El orto se dibujaba en el horizonte, pujaba por salir en aquella helada noche. Al
fondo, el mar; más allá, Asia. Los pensamientos del muchacho comenzaron a divagar,
que era vagar dos veces perdido en la inmensidad de sus sueños. Ensimismado como
estaba, notó cómo las ganas de vivir se mezclaban con el rocío de la vegetación que le
rodeaba, cómo la pálida luz del este, de su anhelado oriente, comenzaba a animar su
cuerpo; sintió cómo la luz alargaba las sombras donde antes había oscuridad, cómo el
olor del campo le inundaba el corazón, alegrándolo todo. El frío, poco a poco, le
empezó a abandonar para dar paso al cálido sentimiento del mundo de las potencias y
los proyectos.

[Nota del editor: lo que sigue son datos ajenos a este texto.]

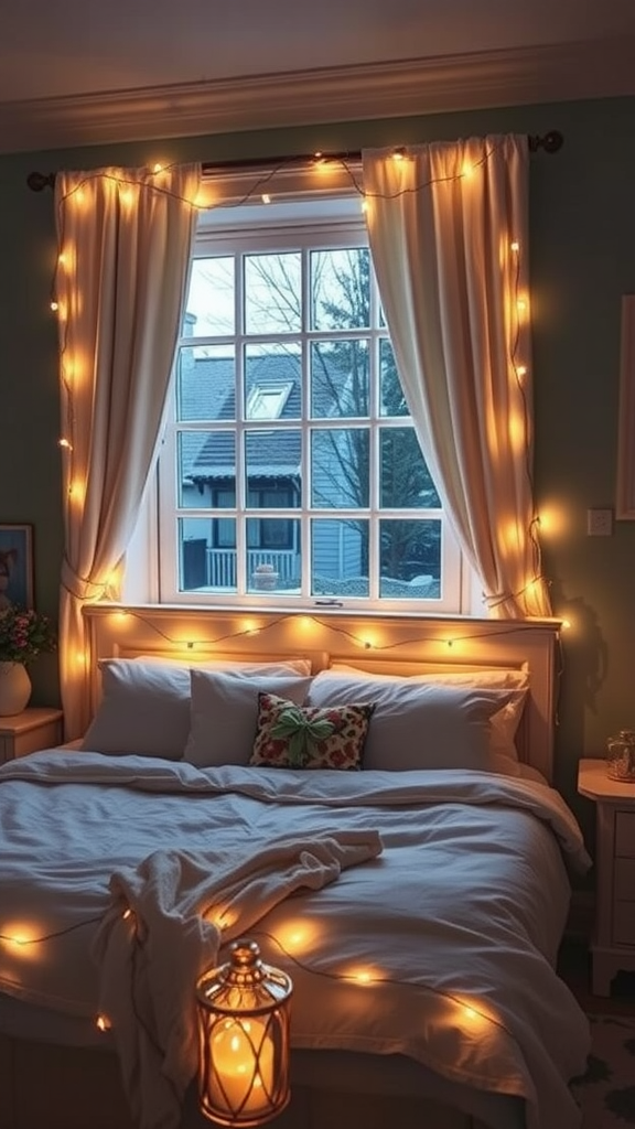 This cozy bedroom scene is all about those charming fairy lights. They hang gently around the window, creating a soft glow that brings warmth to the space. The lights wrap around the window curtains, giving the room a magical feel, perfect for relaxation or reading.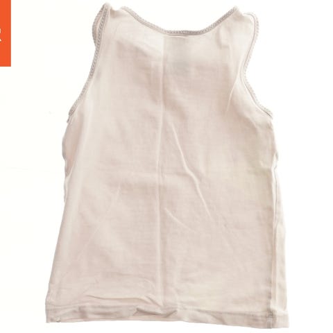 En ærmeløs tanktop i ribstrikket materiale. Den er ensfarvet blå og har en rund halsudskæring. Brandmærket er placeret indvendigt ved halsen.

Entonces se tumbó y, entrecruzando sus brazos bajo la cabeza, dejó que
pasara el tiempo, con los ojos cerrados y en contacto íntimo con el terreno; ahora veía
de manera diáfana lo que pensaba y dejó volar su mente hacia lo imposible. «Pero yo lo
conseguiré —se decía—, yo haré que sea posible». Y así, con esos pensamientos y
mientras sus compañeros daban los últimos abrazos al catre, transcurrió un rato que a él
se le antojó largo, muy largo; tal era la cantidad de cavilaciones que alumbró en un
espacio corto de tiempo.
—Manzano, ¿qué haces ahí?
La voz del camarada no le sobresaltó, pues sus sentidos habituaban a estar alerta
producto del día a día, asunto importante porque su capacidad de concentración era
enorme.
—Ya, ya me levanto —contestó—. He estado pensando. ¿Sabes?, el...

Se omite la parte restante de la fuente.